▸ **EXERCISE BRIEF**
Leave out the pictures and retype, exactly, the lines below from the line with "Gravel bike on" up to and including the line with "Turn heads with", nothing more.

▸ **DATA FOR THE TASK**
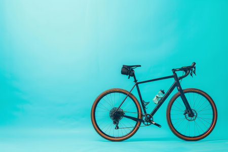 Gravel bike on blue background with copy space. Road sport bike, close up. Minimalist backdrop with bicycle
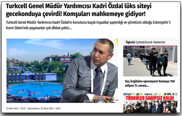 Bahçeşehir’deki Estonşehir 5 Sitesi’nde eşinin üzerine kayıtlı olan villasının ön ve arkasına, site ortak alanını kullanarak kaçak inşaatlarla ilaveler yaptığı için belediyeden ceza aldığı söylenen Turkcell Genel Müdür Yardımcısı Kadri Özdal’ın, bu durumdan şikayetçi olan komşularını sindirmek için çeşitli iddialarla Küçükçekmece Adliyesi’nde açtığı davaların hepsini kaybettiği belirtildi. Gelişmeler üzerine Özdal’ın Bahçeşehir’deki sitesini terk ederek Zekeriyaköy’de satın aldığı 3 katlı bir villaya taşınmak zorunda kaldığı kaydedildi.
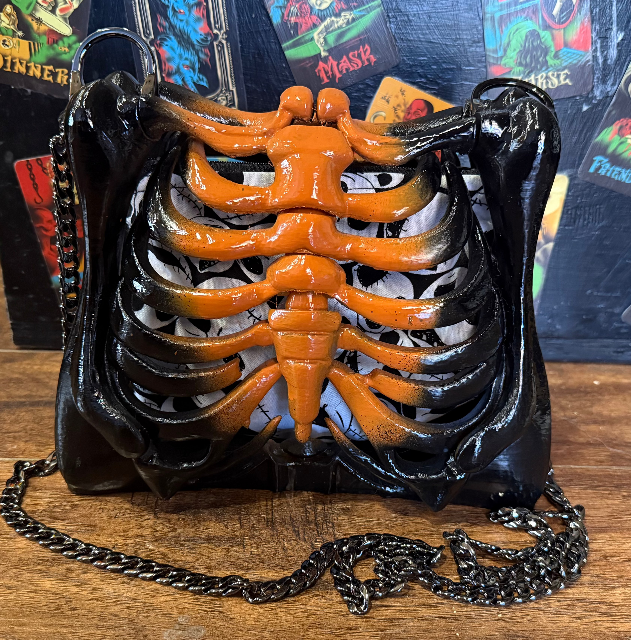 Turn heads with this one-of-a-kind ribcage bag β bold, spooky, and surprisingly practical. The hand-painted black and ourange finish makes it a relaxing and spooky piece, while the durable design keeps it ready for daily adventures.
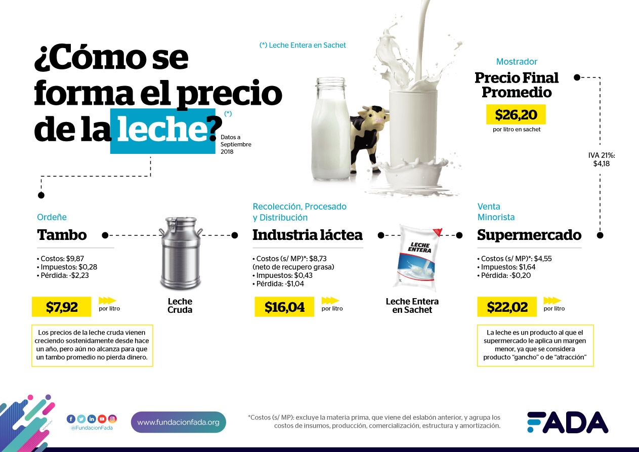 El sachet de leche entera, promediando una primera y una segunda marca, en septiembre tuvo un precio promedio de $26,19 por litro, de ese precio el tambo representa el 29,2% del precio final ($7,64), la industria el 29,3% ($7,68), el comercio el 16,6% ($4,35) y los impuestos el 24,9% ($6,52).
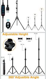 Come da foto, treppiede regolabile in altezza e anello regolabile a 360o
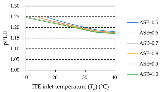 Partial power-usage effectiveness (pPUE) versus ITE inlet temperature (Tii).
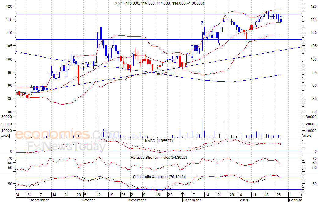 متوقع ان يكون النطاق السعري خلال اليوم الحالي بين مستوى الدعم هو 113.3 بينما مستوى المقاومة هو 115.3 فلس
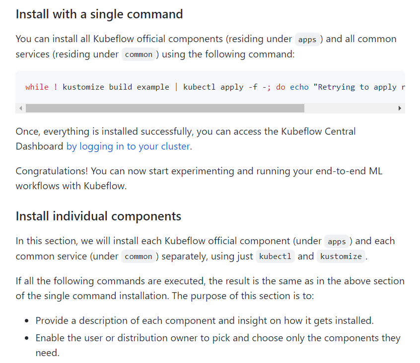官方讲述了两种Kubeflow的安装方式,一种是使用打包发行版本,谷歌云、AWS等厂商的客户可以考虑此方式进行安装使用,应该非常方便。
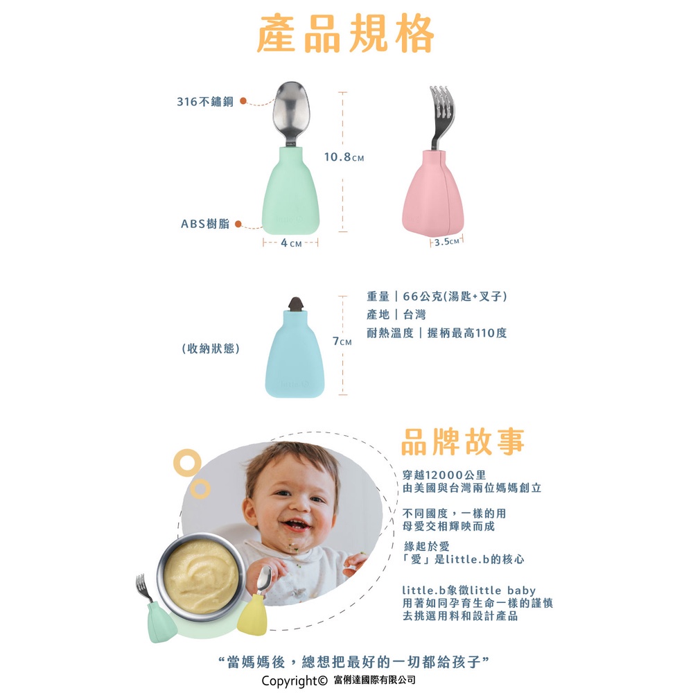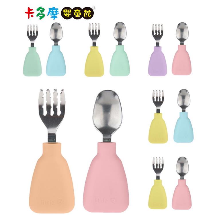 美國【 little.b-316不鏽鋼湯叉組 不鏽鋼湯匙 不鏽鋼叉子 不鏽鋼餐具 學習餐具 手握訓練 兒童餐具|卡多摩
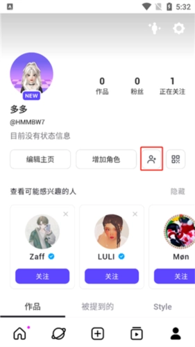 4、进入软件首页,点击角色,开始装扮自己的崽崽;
* * *
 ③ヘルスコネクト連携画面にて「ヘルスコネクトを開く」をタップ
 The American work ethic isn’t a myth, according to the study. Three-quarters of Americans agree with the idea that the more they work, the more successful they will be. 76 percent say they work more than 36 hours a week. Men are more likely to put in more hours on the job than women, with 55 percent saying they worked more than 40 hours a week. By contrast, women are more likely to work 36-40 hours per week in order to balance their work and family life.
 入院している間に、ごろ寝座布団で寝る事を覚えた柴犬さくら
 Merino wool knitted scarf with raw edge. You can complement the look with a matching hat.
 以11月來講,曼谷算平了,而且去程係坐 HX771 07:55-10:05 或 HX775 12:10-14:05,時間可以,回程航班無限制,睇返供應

▸ **SOLUTION TO THE EXERCISE**
 Gravel bike on blue background with copy space. Road sport bike, close up. Minimalist backdrop with bicycle
 Bahçeşehir’deki Estonşehir 5 Sitesi’nde eşinin üzerine kayıtlı olan villasının ön ve arkasına, site ortak alanını kullanarak kaçak inşaatlarla ilaveler yaptığı için belediyeden ceza aldığı söylenen Turkcell Genel Müdür Yardımcısı Kadri Özdal’ın, bu durumdan şikayetçi olan komşularını sindirmek için çeşitli iddialarla Küçükçekmece Adliyesi’nde açtığı davaların hepsini kaybettiği belirtildi. Gelişmeler üzerine Özdal’ın Bahçeşehir’deki sitesini terk ederek Zekeriyaköy’de satın aldığı 3 katlı bir villaya taşınmak zorunda kaldığı kaydedildi.
 Turn heads with this one-of-a-kind ribcage bag β bold, spooky, and surprisingly practical. The hand-painted black and ourange finish makes it a relaxing and spooky piece, while the durable design keeps it ready for daily adventures.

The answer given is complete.